<<<<

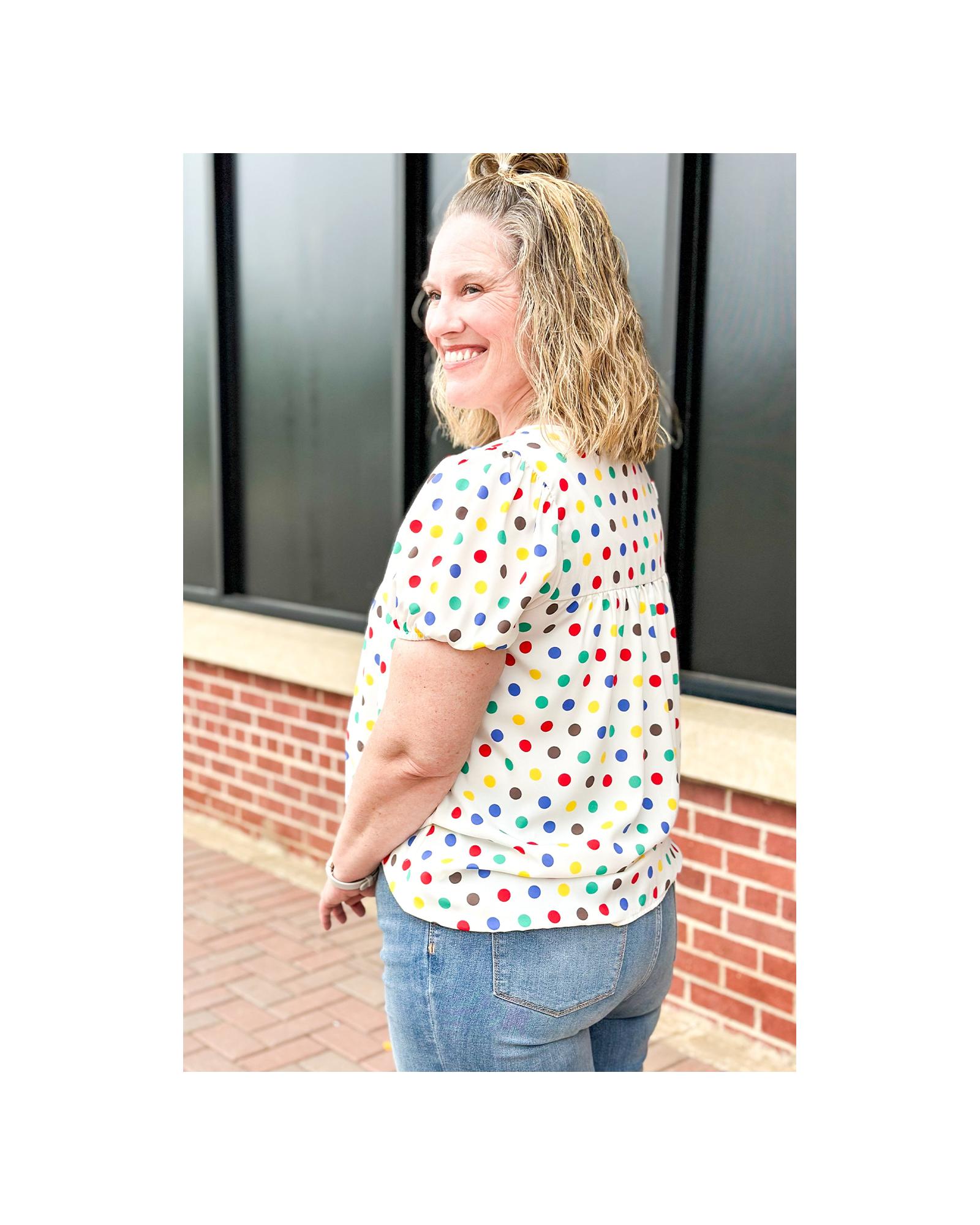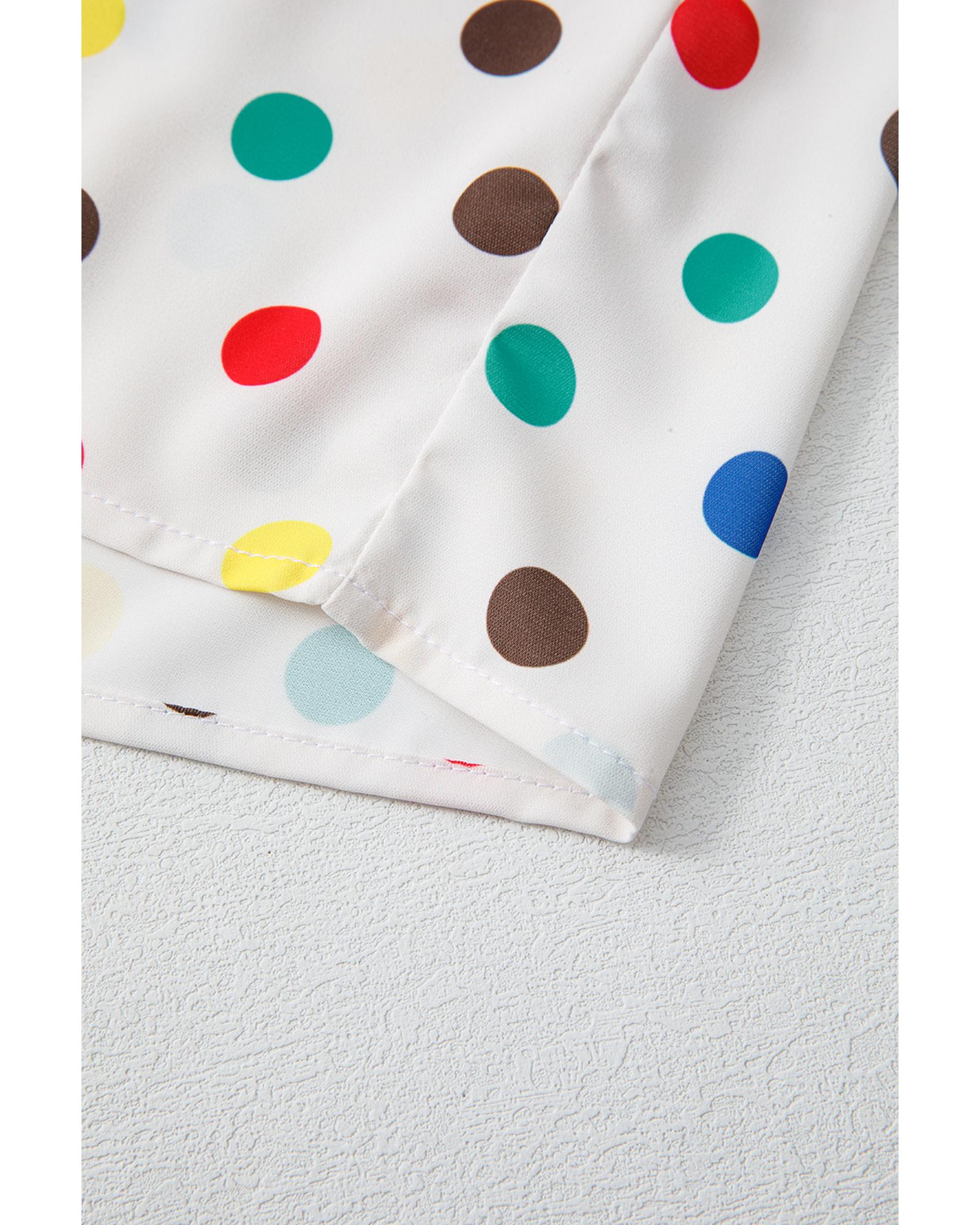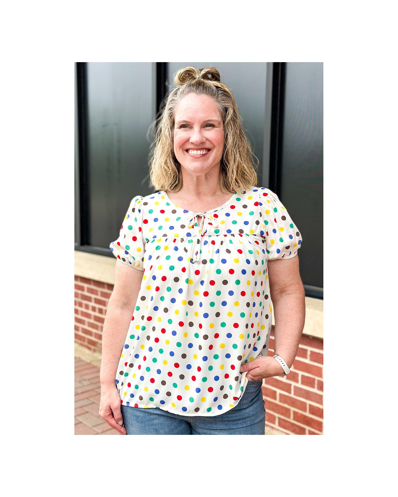 Apricot Plus Size Colorful Polka Dots Tie Neck Puff Sleeve Blouse – 1X
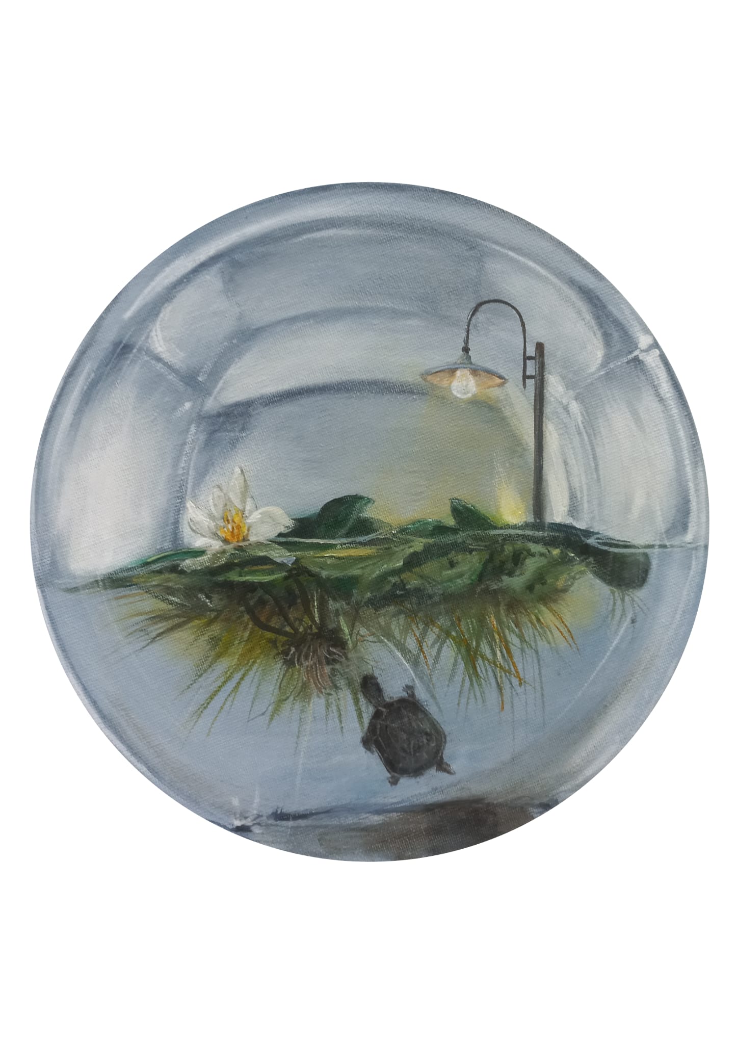 Cette petite toile de 20 cm de diamètre, n’est autre qu’un bocal, un mini-aquarium. À l’intérieur, une plante, fragile et lumineuse, qui semble pousser sous un lampadaire imaginaire. Ma tortue, fidèle symbole du monde et de longévité, veille sur cet univers miniature. C’est un petit monde suspendu, où chaque élément raconte capte un peu de magie de la nature.
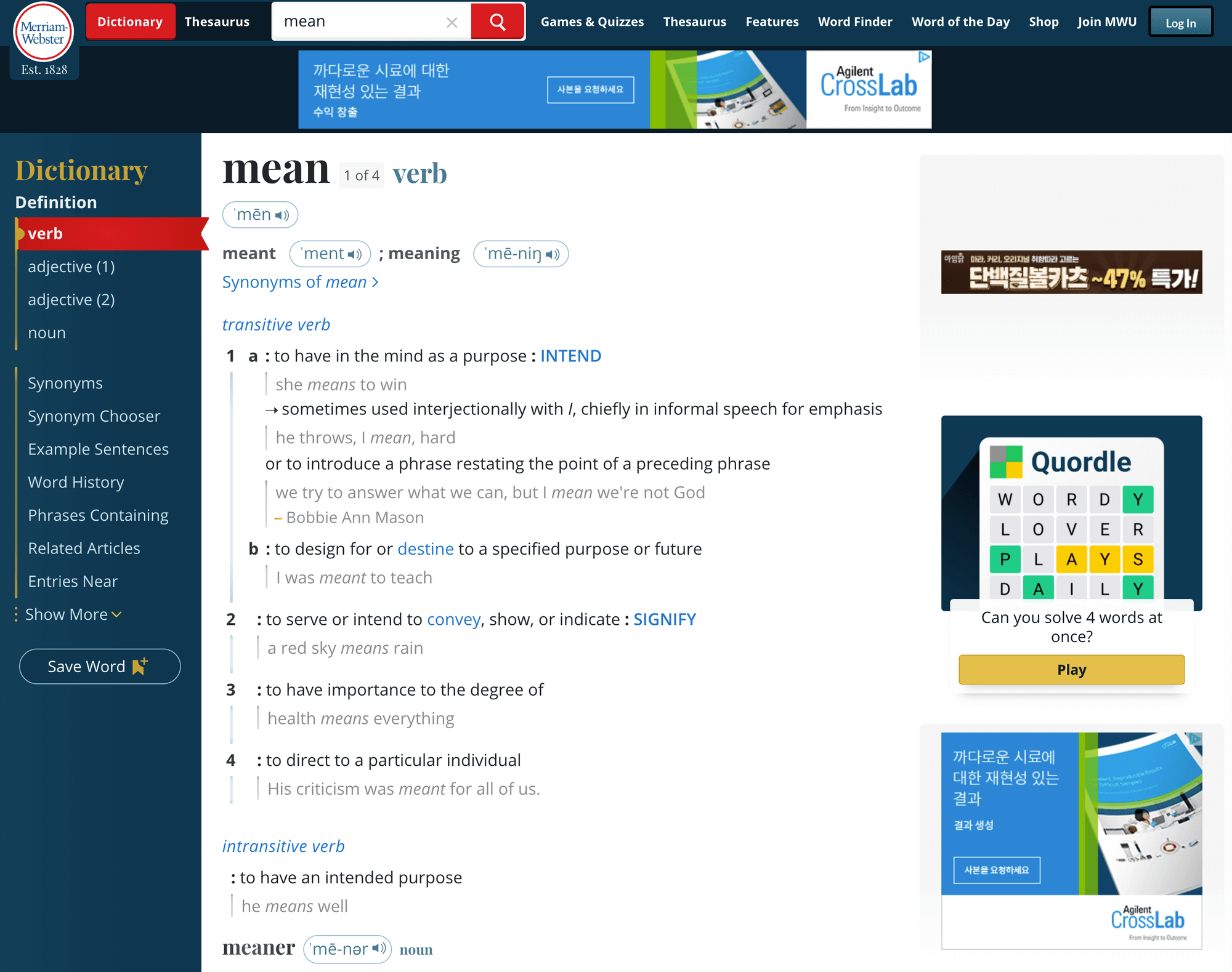 다만 사용자가 어느 정도 영어 실력을 갖추고 있고, 어떤 특정 단어의 기본적인 의미가 아닌 다른 의미를 알고 싶을 때는 조금 불편할 수 있습니다. 예를 들어 영어 단어 mean이 복수로 쓰일 때 가지는 의미 중 하나인 '수단'이라는 뜻은 사전 화면에서 쉽게 찾기가 어렵습니다.
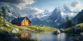 mountain cabin serene landscape alpine scenery wooden house snow capped mountains nature photography peaceful scene mountain view scenic vista idyllic setting rural landscape tranquil stream cabin in mountains mountain retreat landscape art digital painting calm waters reflection green hills rocky terrain cloudy sky mountain range natural beauty peaceful retreat escape to nature travel destination holiday getaway remote location wilderness untamed nature scenic background mountain home cozy cabin home in nature mountain life alpine village natural landscape countryside rural sceneSimilar Photos
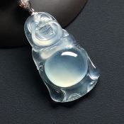 冰飘花布袋佛 翡翠吊坠 完美饱满 种老细腻
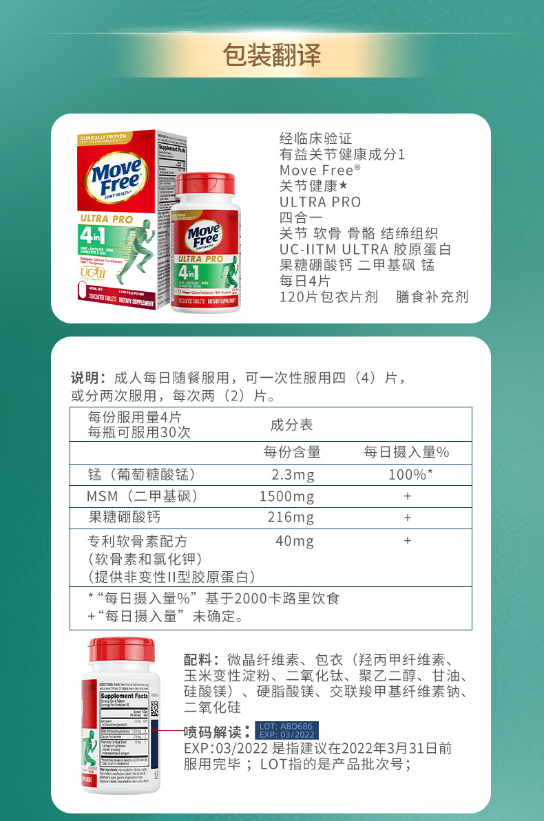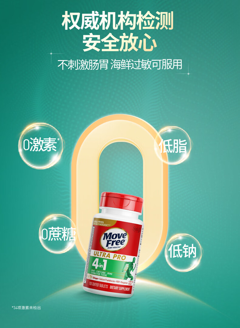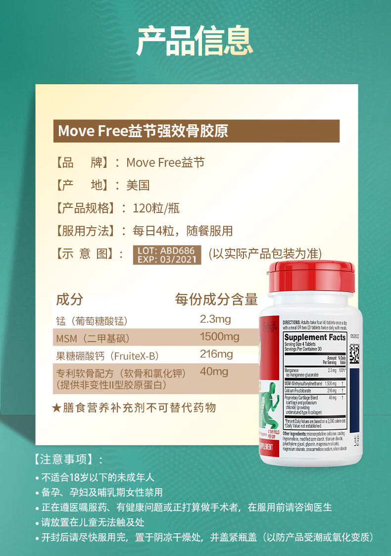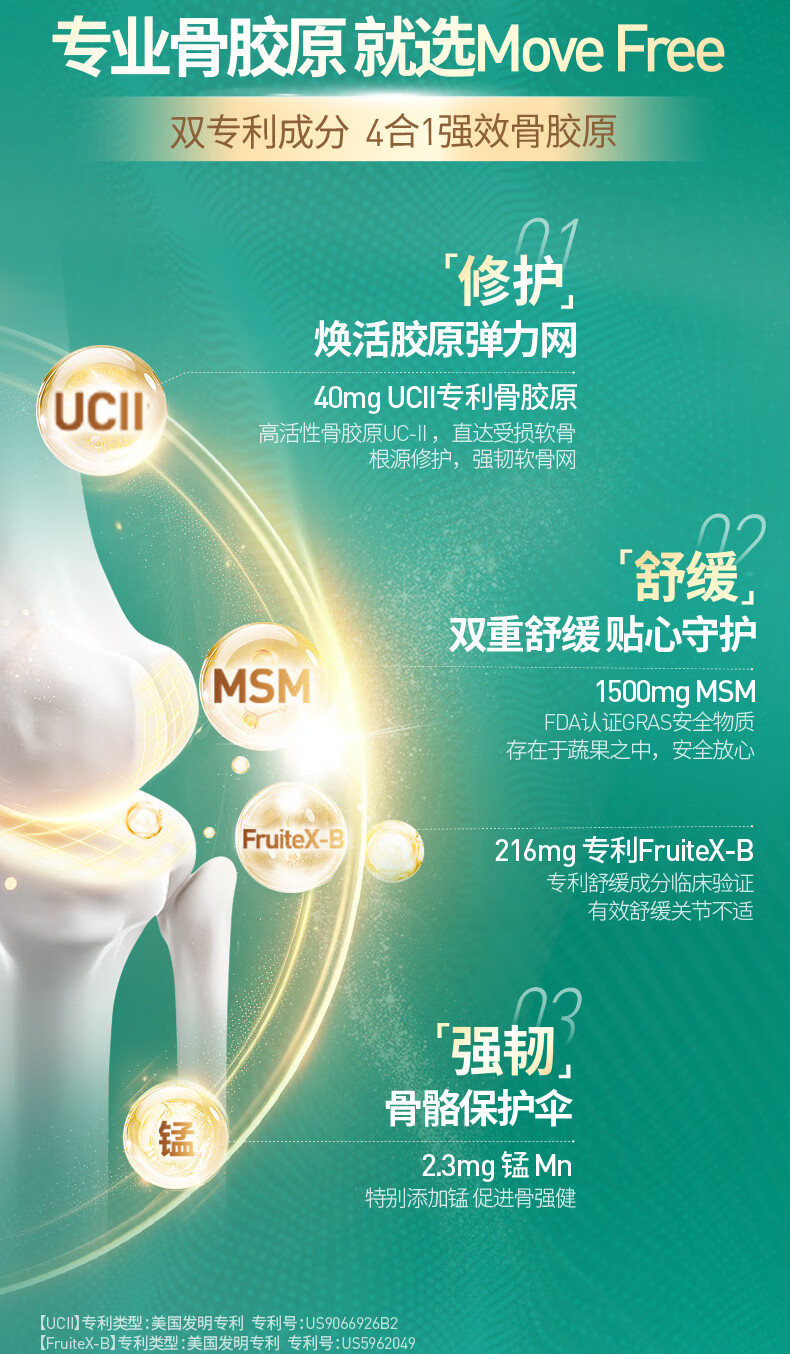益节Move Free 升级版骨胶原蛋白UC2 维骨力MSM锰 成人中老年护关节 【升级版】舒缓修护骨胶原 120粒*1瓶

>>>>

Could you please repeat the entries above exactly, with every picture left out?

 Apricot Plus Size Colorful Polka Dots Tie Neck Puff Sleeve Blouse – 1X
 Cette petite toile de 20 cm de diamètre, n’est autre qu’un bocal, un mini-aquarium. À l’intérieur, une plante, fragile et lumineuse, qui semble pousser sous un lampadaire imaginaire. Ma tortue, fidèle symbole du monde et de longévité, veille sur cet univers miniature. C’est un petit monde suspendu, où chaque élément raconte capte un peu de magie de la nature.
 다만 사용자가 어느 정도 영어 실력을 갖추고 있고, 어떤 특정 단어의 기본적인 의미가 아닌 다른 의미를 알고 싶을 때는 조금 불편할 수 있습니다. 예를 들어 영어 단어 mean이 복수로 쓰일 때 가지는 의미 중 하나인 '수단'이라는 뜻은 사전 화면에서 쉽게 찾기가 어렵습니다.
 mountain cabin serene landscape alpine scenery wooden house snow capped mountains nature photography peaceful scene mountain view scenic vista idyllic setting rural landscape tranquil stream cabin in mountains mountain retreat landscape art digital painting calm waters reflection green hills rocky terrain cloudy sky mountain range natural beauty peaceful retreat escape to nature travel destination holiday getaway remote location wilderness untamed nature scenic background mountain home cozy cabin home in nature mountain life alpine village natural landscape countryside rural sceneSimilar Photos
 冰飘花布袋佛 翡翠吊坠 完美饱满 种老细腻
益节Move Free 升级版骨胶原蛋白UC2 维骨力MSM锰 成人中老年护关节 【升级版】舒缓修护骨胶原 120粒*1瓶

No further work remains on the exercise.